DATASET CONTENT Start Marker

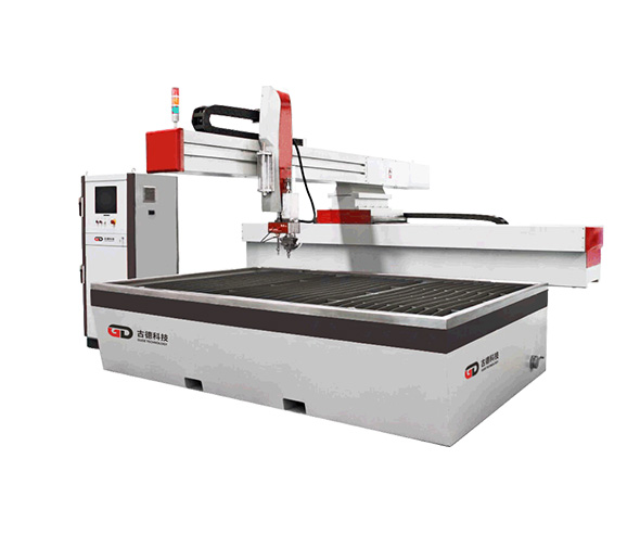 四轴水切割机是古德率先开发的新一代用于陶瓷石材拼花等领域的新型切割机。X4-Ⅲ四轴水切割机采用“可调式斜边切割控制机构”等发明专利技术(专利号:ZL 201110245675.9),在普通水切割机的基础上增加了斜边控制机构和四轴控制系统,通过调整偏摆轴的偏摆角度,并配合回转轴的转动来控制切割头的姿态,使得石材陶瓷切割获得反方向的切口斜边,拼接时省去了人工打磨这一劳动强度最大、花费时间最长、粉尘和噪音污染最为严重的环节。四轴水刀不仅大大提升了石材陶瓷拼图的品质,而且极古德提高了生产效率,降低了生产成本,是石材陶瓷拼花行业的一项革命。
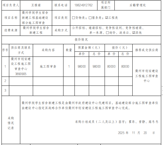 [分散采购]衢州学院学生宿舍新建工程基础建设部分施工图审查服务采购项目公示
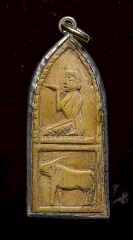 พระประจำวันงาแกะ สามส่วนหลังนางกวักเลี่ยมเงินแท้ |

DATASET CONTENT End Marker

BRIEF:
Once the pictures have been removed, reproduce each line of the material above exactly.

TASK RESULT:
 四轴水切割机是古德率先开发的新一代用于陶瓷石材拼花等领域的新型切割机。X4-Ⅲ四轴水切割机采用“可调式斜边切割控制机构”等发明专利技术(专利号:ZL 201110245675.9),在普通水切割机的基础上增加了斜边控制机构和四轴控制系统,通过调整偏摆轴的偏摆角度,并配合回转轴的转动来控制切割头的姿态,使得石材陶瓷切割获得反方向的切口斜边,拼接时省去了人工打磨这一劳动强度最大、花费时间最长、粉尘和噪音污染最为严重的环节。四轴水刀不仅大大提升了石材陶瓷拼图的品质,而且极古德提高了生产效率,降低了生产成本,是石材陶瓷拼花行业的一项革命。
 [分散采购]衢州学院学生宿舍新建工程基础建设部分施工图审查服务采购项目公示
 พระประจำวันงาแกะ สามส่วนหลังนางกวักเลี่ยมเงินแท้ |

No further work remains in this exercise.